E o "aqui" para os que "não querem seguir viagem", parafraseando J.B em "O Fim das Possibilidades", para os que têm e querem ficar? Para esses que estão constantemente a fazer por chegar lá. Àquele lugar onde iremos fazer aquilo em que sabemos que somos mesmo bons, aquilo que nos faz sentir preenchidos porque somos reconhecidos e recompensados de acordo, sem nos fazer sentir mal por vivermos os nossos direitos. Onde há problemas e percalços no percurso, mas onde sentimos que andamos para a frente, amparados por aquilo que construímos e que tem valor, aos nossos e aos olhos dos outros.

Os que daqui saem aparecem, ironicamente agora, destacados nos jornais de cá com o seu trabalho reconhecido. Agora, que estão "lá fora". Lá deixam-nos fazer acontecer. Faz-se trabalho válido e valioso, onde ambas as partes são vencedoras e merecedoras de mérito. Aqui o trabalho é igualmente valioso mas, tantas vezes, irreconhecível logo desde a sua nascença. Os discursos revivalistas do pós-guerra repetem-se sem novidade. E nós somos ainda agentes e vítimas dele.

As exceções e contra-argumentos sempre existiram, e ainda bem, pois fazem parte da realidade também e do pseudo equilíbrio do "status quo", era após era. Mas mesmo com o sol, o mar, a segurança e suposta qualidade de vida, os números do turismo a crescer, a oferta cultural e lúdica vibrante e o ano da felicidade a entrar na metrópole criativa do país, a realidade é que o "aqui" continua a ser para muitos, aos olhos da razão, o lugar do aperto, da injeção de medos e angustias. Porque, ainda, assustadoramente ainda, aqueles que fazem parte dos grupos consertados são quem tem o poder e quem consegue, na prática, crescer dignamente no "aqui".

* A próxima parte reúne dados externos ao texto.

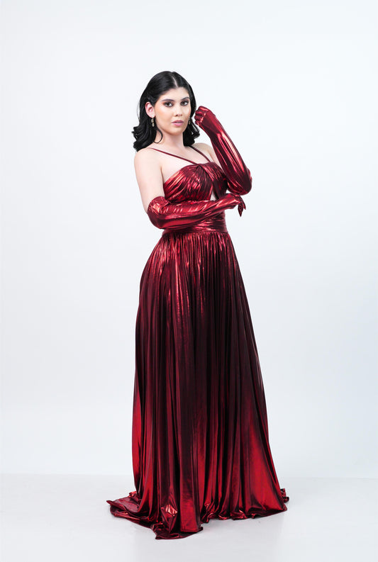 Vestido Vino Metalico Y Guantes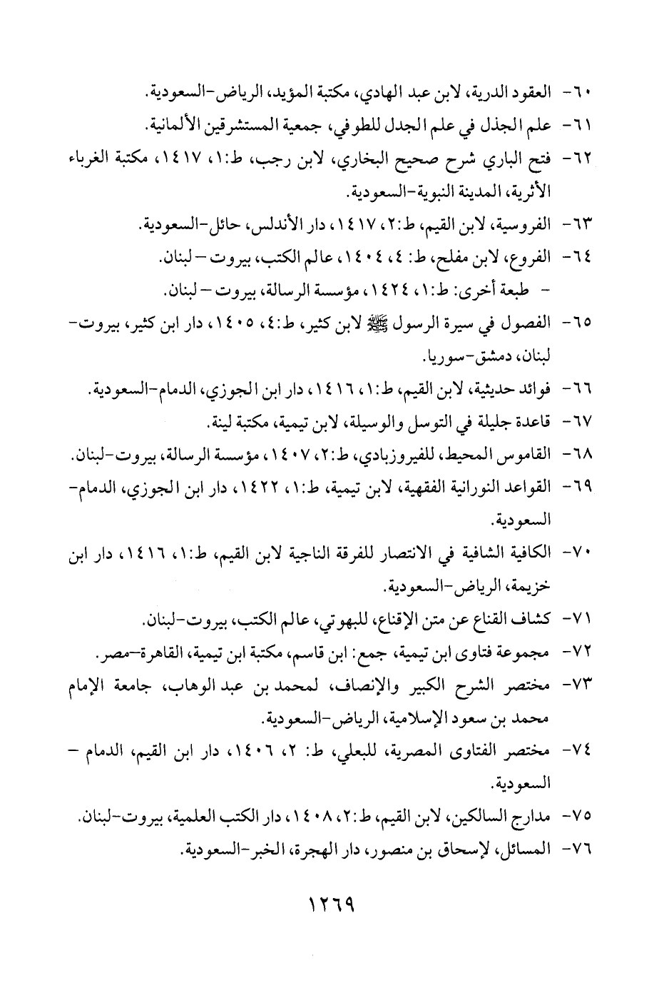 60 - العقود الدرية، لابن عبدِ الهادي، مكتبة المؤيد، الرياض - السعودية.

Mas será o pós-posmodernismo este cómico-trágico panorama, esta vertiginosa sensação de que vivemos o "Fim das Possibilidades", que Jean-Pierre Sarrazac tão bem retrata nesta sua obra? É de facto no verbo, na narrativa tão coerente como crivada de metalinguagens (fundamentalmente o Livro de Job da "Bíblia"), que Sarrazac consegue dar matéria e força para a tão conseguida encenação do duo Nuno Carinhas e Fernando Mora Ramos.

J.B. , personagem interpretada por Paulo Calatré, encontra a salvação na possibilidade de escolha. Esse parece ser o bem maior que atualmente temos. Ou embarcamos na viagem, sempre a descer para ser mais fácil, ou afundamo-nos no "aqui". Mas a escolha de J.B é uma terceira e oferece resistência à voz da viagem. O que provoca alguma perplexidade, aos olhos do que se sente e vive nos dias de hoje, é que o sujeito afirmativamente decide o seu fim como libertação do "aqui". Cristãmente, a morte como salvação. Se formos por São Tomas de Aquino, J.B. escolheu por vontade a morte e, por isso, não se salvou, mas sim libertou-se. O fim como começo da liberdade, do ser feliz, sem medos, sufocos nem condições predefinidas.

A brilhante concretização cénica deste texto, repleto de ironias, a cenografia e o desenho de luz que a acentuam, fazem-nos refletir sobre a dualidade de que não há fim nem início das possibilidades. Há a escolha da liberdade. A resignação de Mamadu com o "aqui" chega-nos a convencer por momentos que ele é sinónimo de lucidez, mas rapidamente o texto e a encenação nos encaminham para outras possíveis leituras. A imagem do fecho da peça surge como o culminar da libertação. O verde estridente da relva, dos amigos em conversa corriqueira. Este estado onírico em slow motion, como anámnesis (recordação). Ou será este estado verde reflexo da esperança de um futuro melhor que J.B. continuamente tenta aniquilar?

Em tão boa hora vem esta análise sobre o nosso aparente beco cheio de possibilidades. Não traz soluções nem pretende, coloca em perspetiva e confronta-nos como um espelho. Um dever que só o Teatro, bem posto como nesta peça, consegue provocar. Não perca o que de realmente bom temos no "aqui" e agora. No TNSJ até dia 27 de março, deixe-se afetar, sem medo, por JB, o Oponente, Mamadu ou por Deus.